By Gerard Braud –
On the 10th anniversary of Hurricane Katrina devastating New Orleans, and coastal Louisiana and Mississippi, I’m reflecting on the old adage that says, “The definition of insanity is doing the same thing over and over, yet expecting different results.”
New Orleans can easily flood from another hurricane. I wrote about that in yesterday’s blog. Experts admit that the new fortified levee system is not high enough to keep tidal surge from topping the levees.
There are three areas where I see the potential for the insanity of prior sins and mistakes to be repeated.
1) The first sin is allowing people in low lying areas, in coastal regions, and in flood planes anywhere in America, to build a house on a foundation that is not elevated above recognized flood levels. Whether in New Orleans or a flood river plane in North Dakota, houses in flood zones should be built on stilts higher than predicted flood waters. Some home owners in New Orleans have started doing this. This is how traditional homes here were constructed here. Some homeowners, strapped for cash, have not raised their homes. It is time for building codes in all coastal towns south of I-10 and I-12 along to change. Many homes in Katrina had no wind damage, but were a complete loss because storm surge overpowered levees, flooding everything. In a nation where all flood insurance comes from the government, as do most of the emergency recovery funds, mitigating flooding with more grants to raise existing houses is a far better financial bet than paying out claims after the fact. Establishing better building codes for new construction in flood zones saves money in the long run for everyone.
2) The second is human denial among citizens and elected officials. Citizens first — A hurricane may kill you. If it doesn’t kill you, it can leave you without creature comforts like food, water and electricity for days, weeks, or months. Failing to heed an evacuation order leads to expensive and complicated rescues. I’ve been a storm chaser and journalist in many natural disasters in which people tell me they don’t plan to evacuate because they’ve stayed for other storms and survived. What I’ve learned covering these storms is that no two are alike. No two hurricanes come from exactly the same direction. No two hurricanes have exactly the same wind speeds. In Hurricane Katrina, for example, while the devastation and flooding was astounding, if the eye of the hurricane had passed only five to ten miles further to the West, the urban flooding up to rooftops would have been doubled. It is costly to evacuate, but it is far more costly for communities when residents fail to heed evacuation orders.
As for human denial among elected officials, then Mayor Ray Nagin of New Orleans is the poster child of human denial. Even when the head of the National Hurricane Center called to tell Nagin that a disaster was eminent, the mayor still waited too long to order evacuations. Evacuations that should have been called 48 hours before the storm were delayed until it was too late to logistically move people. While officials in other communities successfully followed plans and called for timely evacuations, one weak link was pivotal in causing tens of thousands to be trapped by flood waters and leading to hundreds of deaths, mostly by drowning. Those trapped in the flood then led to a massive human rescue effort that costs untold millions of dollars, when it reality there was time and there were resources sufficient enough to most of those people out of harm’s way.
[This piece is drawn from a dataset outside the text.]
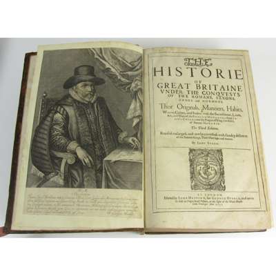 The Historie of Great Britaine under the Conquests of the Romans, Saxons, Danes and Normans. London: George Humble, 1632. Third edition, folio, portrait trimmed and laid-down onto A1 (blank), contemporary panelled calf rebacked with modern spine, bookplate, A5 verso repaired, some occasional small tears and light dampstaining
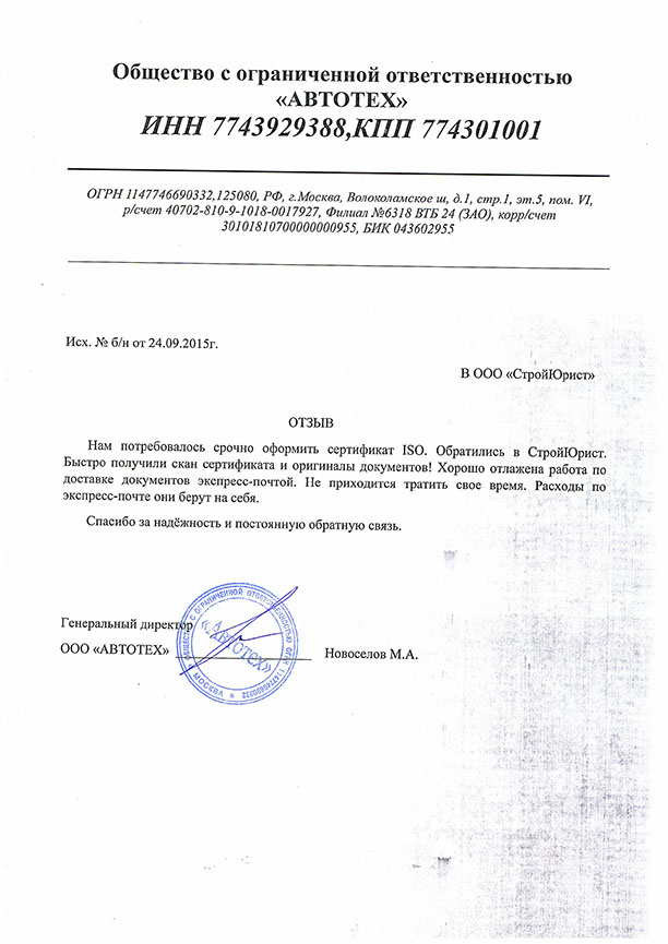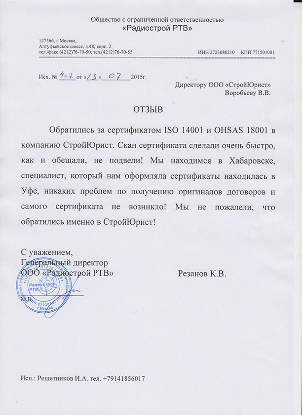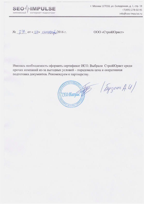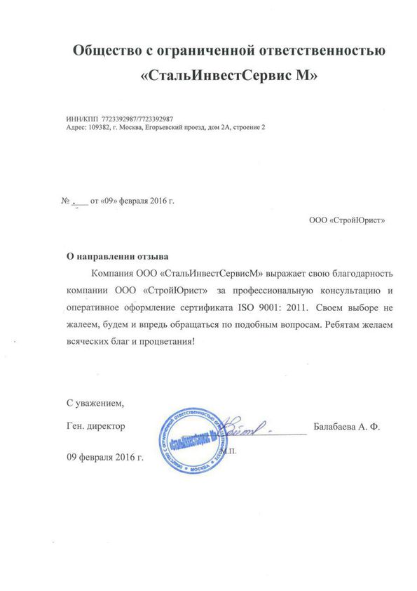 Отзывы клиентов "СтройЮрист" по ISO в Химках

3) The third sin falls in the area of communications. While many communities have emergency and disaster plans in place, they often fail to take the next step of having a crisis communications plan that effectively communicates urgency, peril, and evacuation options to constituents. Pre-written communications documents and properly trained spokespeople are the combination needed to motivate people to leave the their communities until it is safe to return. The proliferation of social media has created new ways to reach people and new ways to gather information about the unfolding crisis, but it also has created more opportunities for rumors and misinformation to spread.
Disasters create living classrooms in which people can learn what was done wrong and what was done right. The goal is to learn so the wrongs are never repeated and so that the rights are done perfectly.